START Dataset

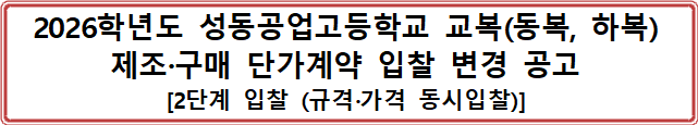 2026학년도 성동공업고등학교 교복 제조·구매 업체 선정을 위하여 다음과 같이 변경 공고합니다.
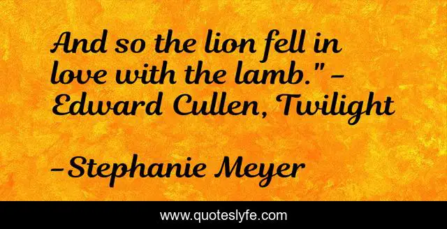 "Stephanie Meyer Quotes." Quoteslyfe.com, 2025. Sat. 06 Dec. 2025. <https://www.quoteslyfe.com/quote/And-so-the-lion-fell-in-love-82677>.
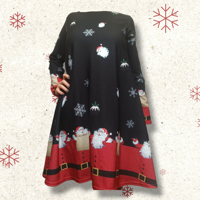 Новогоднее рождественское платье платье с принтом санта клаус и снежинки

END Dataset
START Dataset

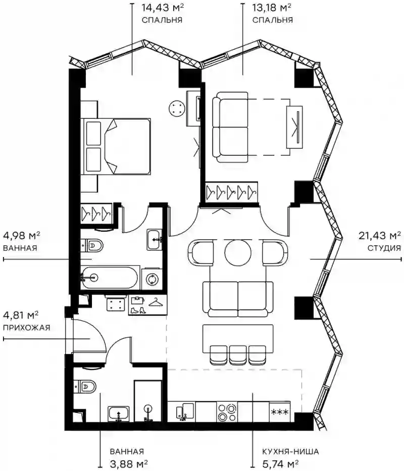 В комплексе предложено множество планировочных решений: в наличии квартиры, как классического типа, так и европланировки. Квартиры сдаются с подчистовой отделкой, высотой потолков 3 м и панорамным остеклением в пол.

END Dataset

Exercise prompt
Take the material above from the line bearing "Quoteslyfe.com, 2025. Sat." through the line bearing "Новогоднее рождественское платье" and write it out exactly, both end lines included. Pictures stay out.

Reply to the task
 "Stephanie Meyer Quotes." Quoteslyfe.com, 2025. Sat. 06 Dec. 2025. <https://www.quoteslyfe.com/quote/And-so-the-lion-fell-in-love-82677>.
 Новогоднее рождественское платье платье с принтом санта клаус и снежинки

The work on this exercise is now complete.